Your objective =
The reply should hold only the lines below beginning at the one with "Price has closed" and ending at the one with "各位大佬,我又来了,这个是给", copied exactly, with every picture left out.
----- Information provided
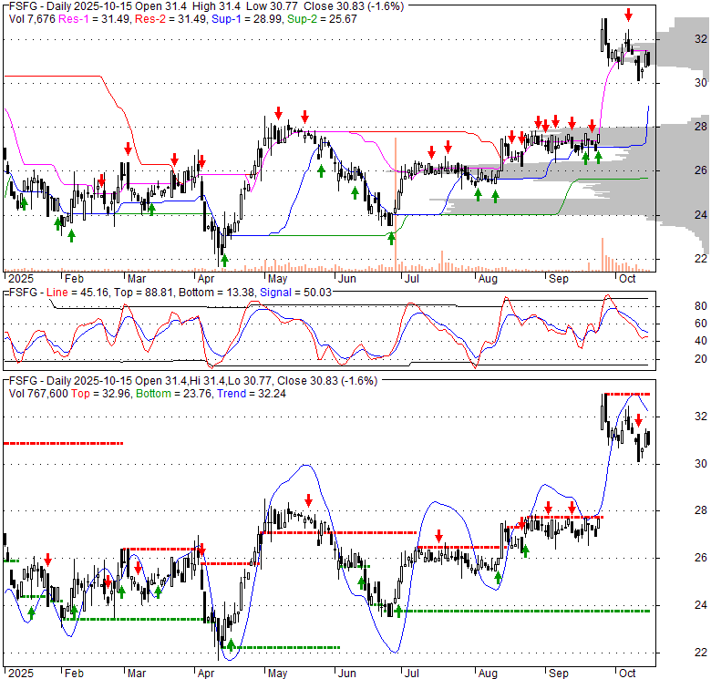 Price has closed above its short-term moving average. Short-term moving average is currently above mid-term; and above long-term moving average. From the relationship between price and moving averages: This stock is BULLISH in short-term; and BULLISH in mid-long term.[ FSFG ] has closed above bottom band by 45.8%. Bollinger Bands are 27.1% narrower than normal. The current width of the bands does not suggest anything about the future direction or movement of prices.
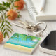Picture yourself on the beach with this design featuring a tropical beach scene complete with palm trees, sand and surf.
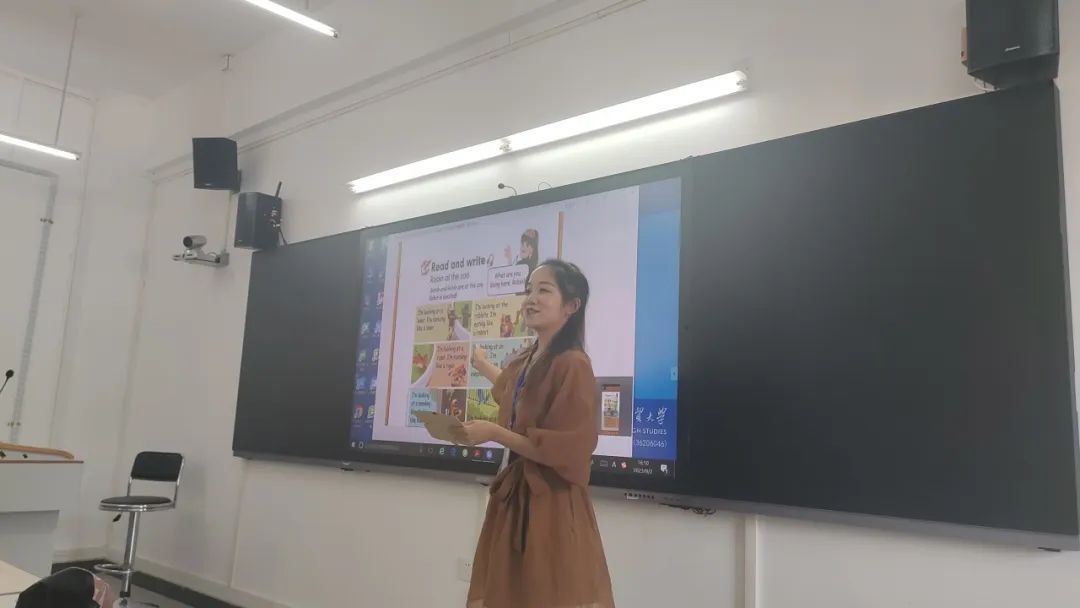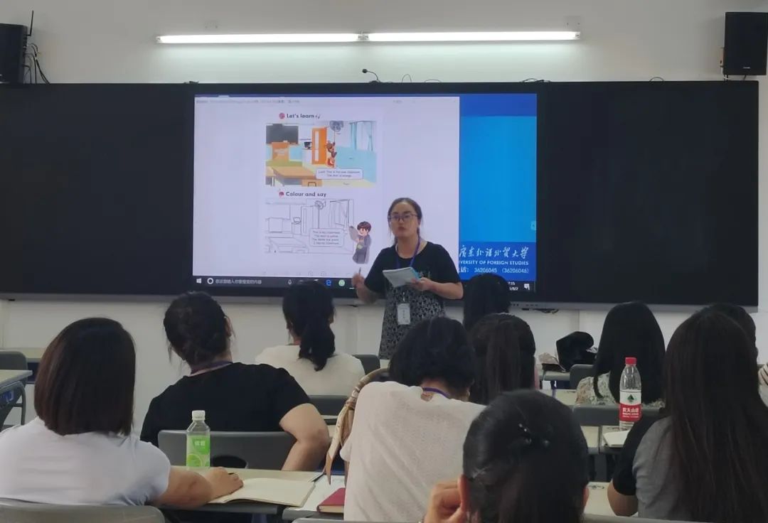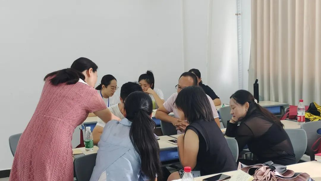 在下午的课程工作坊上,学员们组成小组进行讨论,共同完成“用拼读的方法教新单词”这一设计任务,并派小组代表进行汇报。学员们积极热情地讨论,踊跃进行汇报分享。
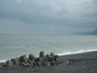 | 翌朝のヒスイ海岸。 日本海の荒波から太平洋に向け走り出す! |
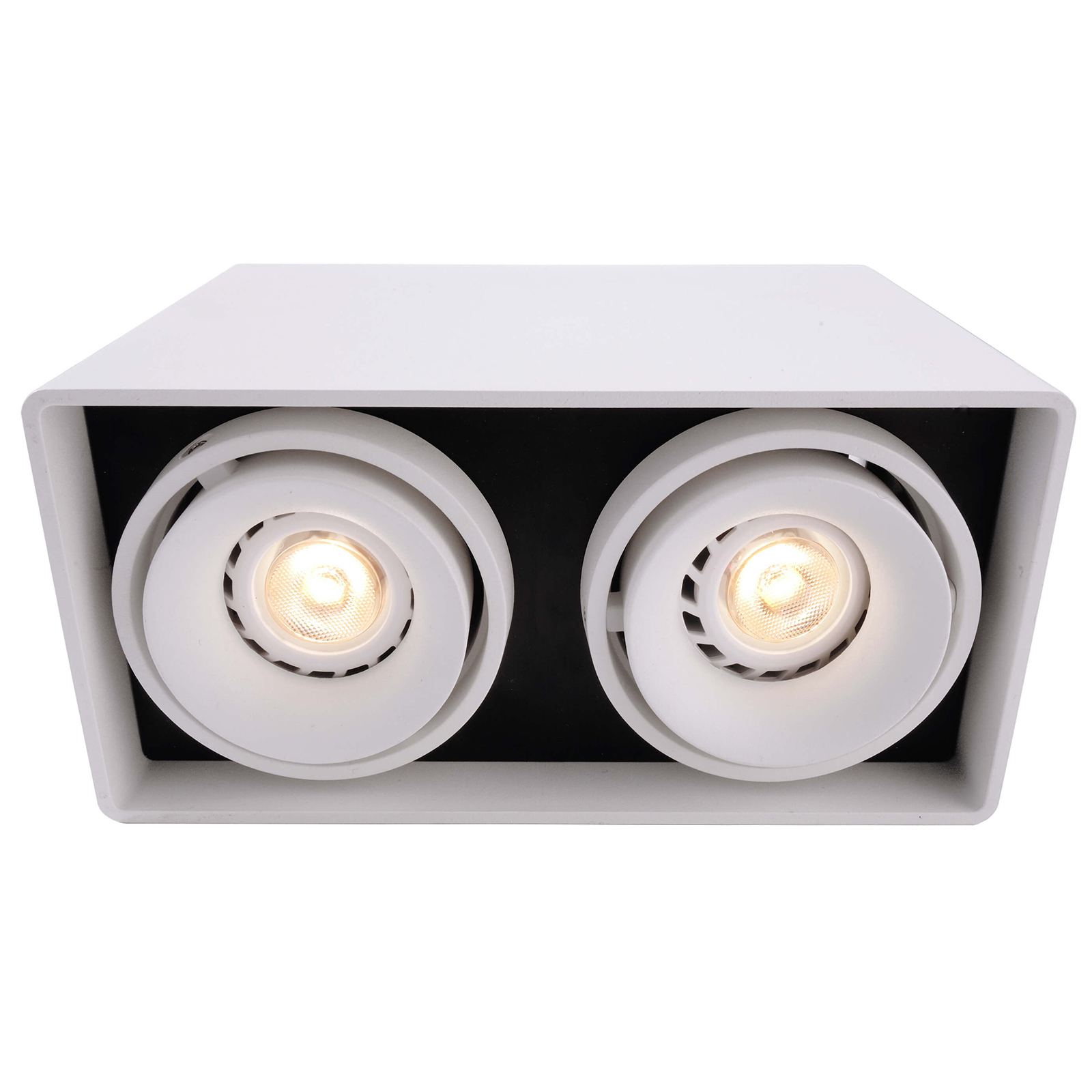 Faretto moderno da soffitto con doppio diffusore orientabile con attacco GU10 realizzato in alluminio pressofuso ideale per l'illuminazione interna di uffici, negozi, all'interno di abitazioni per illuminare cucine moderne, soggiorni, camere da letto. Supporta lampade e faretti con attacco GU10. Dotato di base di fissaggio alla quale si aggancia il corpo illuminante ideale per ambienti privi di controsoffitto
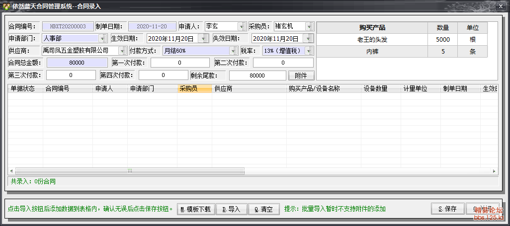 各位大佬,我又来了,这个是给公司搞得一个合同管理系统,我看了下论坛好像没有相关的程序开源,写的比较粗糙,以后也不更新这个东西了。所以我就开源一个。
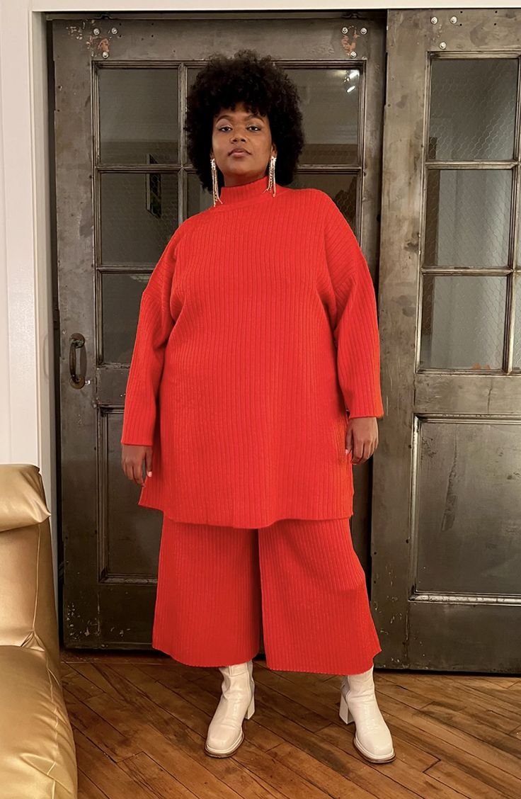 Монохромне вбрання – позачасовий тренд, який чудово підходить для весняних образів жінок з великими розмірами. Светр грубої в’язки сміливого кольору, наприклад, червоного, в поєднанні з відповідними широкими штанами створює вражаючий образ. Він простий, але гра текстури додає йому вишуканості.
----------
----- Information provided
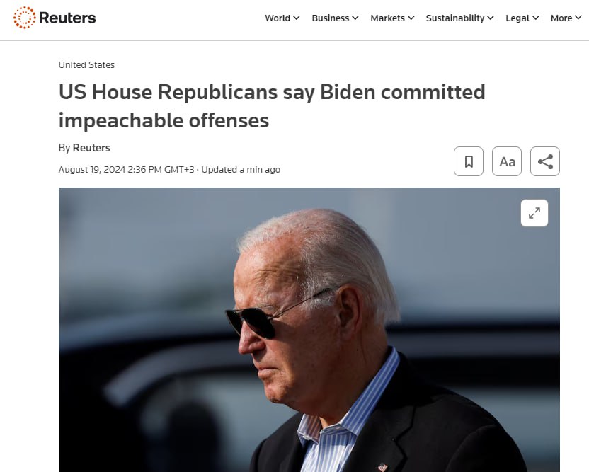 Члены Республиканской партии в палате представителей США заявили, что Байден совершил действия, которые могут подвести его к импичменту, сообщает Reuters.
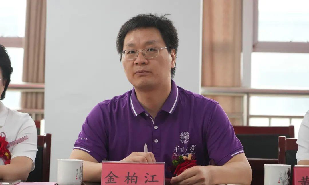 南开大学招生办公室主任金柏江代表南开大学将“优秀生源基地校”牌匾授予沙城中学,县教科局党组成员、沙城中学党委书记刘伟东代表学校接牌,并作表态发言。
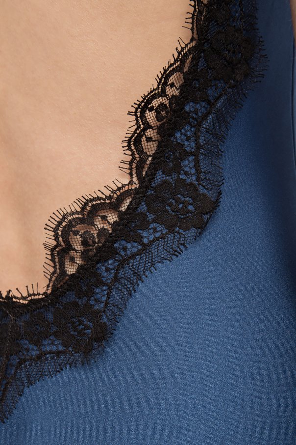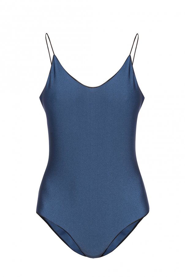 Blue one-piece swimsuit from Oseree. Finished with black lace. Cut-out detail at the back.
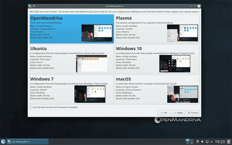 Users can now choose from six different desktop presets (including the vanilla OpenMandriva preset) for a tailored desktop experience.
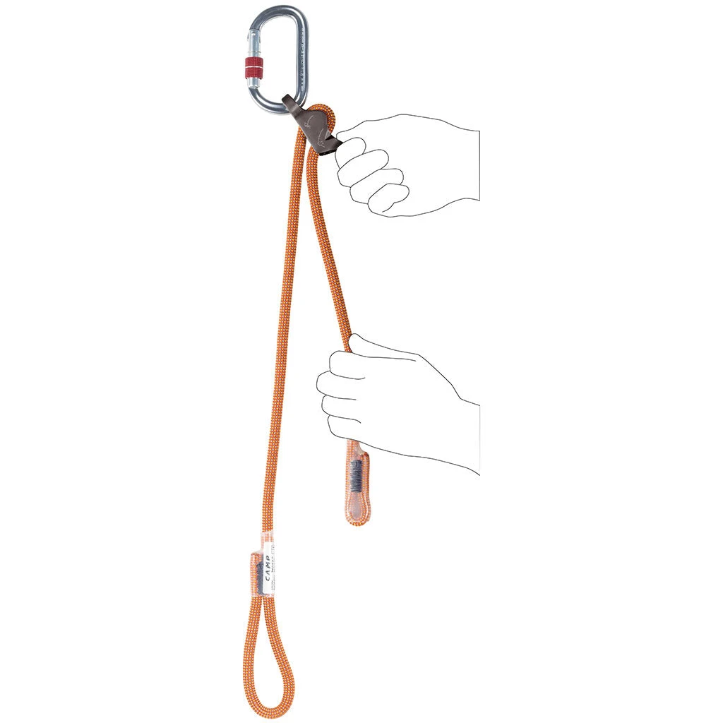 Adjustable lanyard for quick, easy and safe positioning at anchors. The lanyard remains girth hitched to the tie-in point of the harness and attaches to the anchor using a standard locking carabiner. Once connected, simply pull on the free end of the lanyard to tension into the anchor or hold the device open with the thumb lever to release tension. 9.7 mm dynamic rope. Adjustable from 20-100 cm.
----------
Response to the task =
 Price has closed above its short-term moving average. Short-term moving average is currently above mid-term; and above long-term moving average. From the relationship between price and moving averages: This stock is BULLISH in short-term; and BULLISH in mid-long term.[ FSFG ] has closed above bottom band by 45.8%. Bollinger Bands are 27.1% narrower than normal. The current width of the bands does not suggest anything about the future direction or movement of prices.
Picture yourself on the beach with this design featuring a tropical beach scene complete with palm trees, sand and surf.
 在下午的课程工作坊上,学员们组成小组进行讨论,共同完成“用拼读的方法教新单词”这一设计任务,并派小组代表进行汇报。学员们积极热情地讨论,踊跃进行汇报分享。
 | 翌朝のヒスイ海岸。 日本海の荒波から太平洋に向け走り出す! |
 Faretto moderno da soffitto con doppio diffusore orientabile con attacco GU10 realizzato in alluminio pressofuso ideale per l'illuminazione interna di uffici, negozi, all'interno di abitazioni per illuminare cucine moderne, soggiorni, camere da letto. Supporta lampade e faretti con attacco GU10. Dotato di base di fissaggio alla quale si aggancia il corpo illuminante ideale per ambienti privi di controsoffitto
 各位大佬,我又来了,这个是给公司搞得一个合同管理系统,我看了下论坛好像没有相关的程序开源,写的比较粗糙,以后也不更新这个东西了。所以我就开源一个。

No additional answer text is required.